Extracted entries ▸
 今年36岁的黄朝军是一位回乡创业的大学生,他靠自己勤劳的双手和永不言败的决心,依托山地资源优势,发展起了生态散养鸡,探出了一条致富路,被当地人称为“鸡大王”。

---

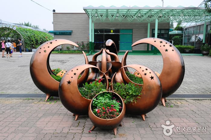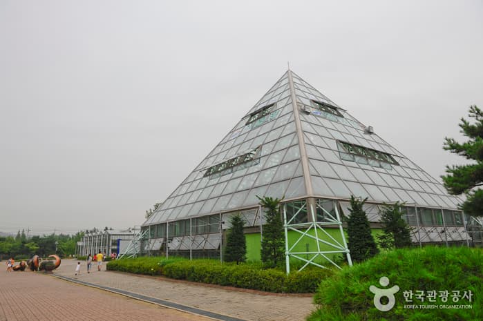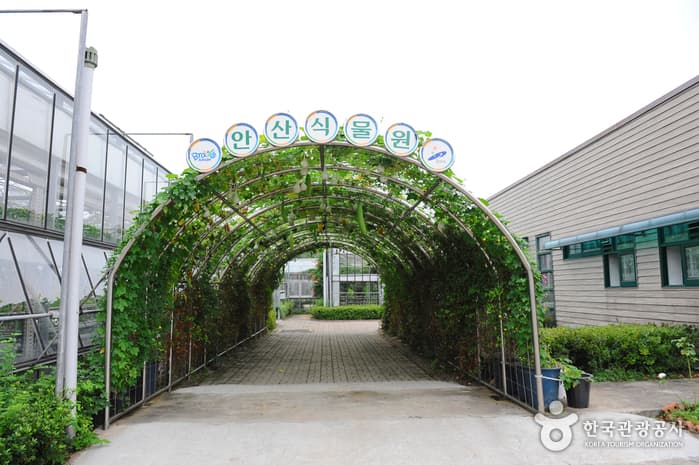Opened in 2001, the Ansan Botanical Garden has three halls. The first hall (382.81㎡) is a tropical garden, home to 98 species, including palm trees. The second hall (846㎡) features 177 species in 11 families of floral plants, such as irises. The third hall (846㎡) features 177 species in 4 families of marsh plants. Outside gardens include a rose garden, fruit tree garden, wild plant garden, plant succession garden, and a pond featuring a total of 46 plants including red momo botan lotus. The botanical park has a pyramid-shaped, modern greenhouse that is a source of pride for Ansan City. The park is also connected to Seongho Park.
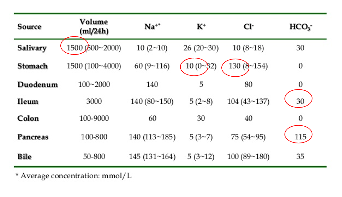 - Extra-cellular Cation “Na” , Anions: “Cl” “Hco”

---

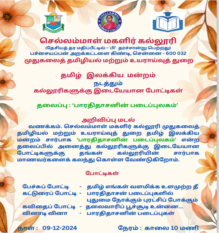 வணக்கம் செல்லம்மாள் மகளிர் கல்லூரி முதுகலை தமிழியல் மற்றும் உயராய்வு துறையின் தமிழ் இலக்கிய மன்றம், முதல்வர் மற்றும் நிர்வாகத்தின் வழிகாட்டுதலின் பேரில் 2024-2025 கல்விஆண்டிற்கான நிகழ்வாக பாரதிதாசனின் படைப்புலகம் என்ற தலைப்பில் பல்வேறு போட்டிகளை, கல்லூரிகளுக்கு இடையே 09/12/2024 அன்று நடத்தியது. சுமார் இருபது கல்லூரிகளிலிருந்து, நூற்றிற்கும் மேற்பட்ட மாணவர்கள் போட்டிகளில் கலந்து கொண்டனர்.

About this task ▸ Look above for the line with "Opened in 2001, the", then print it and each line after it down to and including the line with "- Extra-cellular Cation". Leave out the pictures and keep the wording exact.

Expected output ▸
Opened in 2001, the Ansan Botanical Garden has three halls. The first hall (382.81㎡) is a tropical garden, home to 98 species, including palm trees. The second hall (846㎡) features 177 species in 11 families of floral plants, such as irises. The third hall (846㎡) features 177 species in 4 families of marsh plants. Outside gardens include a rose garden, fruit tree garden, wild plant garden, plant succession garden, and a pond featuring a total of 46 plants including red momo botan lotus. The botanical park has a pyramid-shaped, modern greenhouse that is a source of pride for Ansan City. The park is also connected to Seongho Park.
 - Extra-cellular Cation “Na” , Anions: “Cl” “Hco”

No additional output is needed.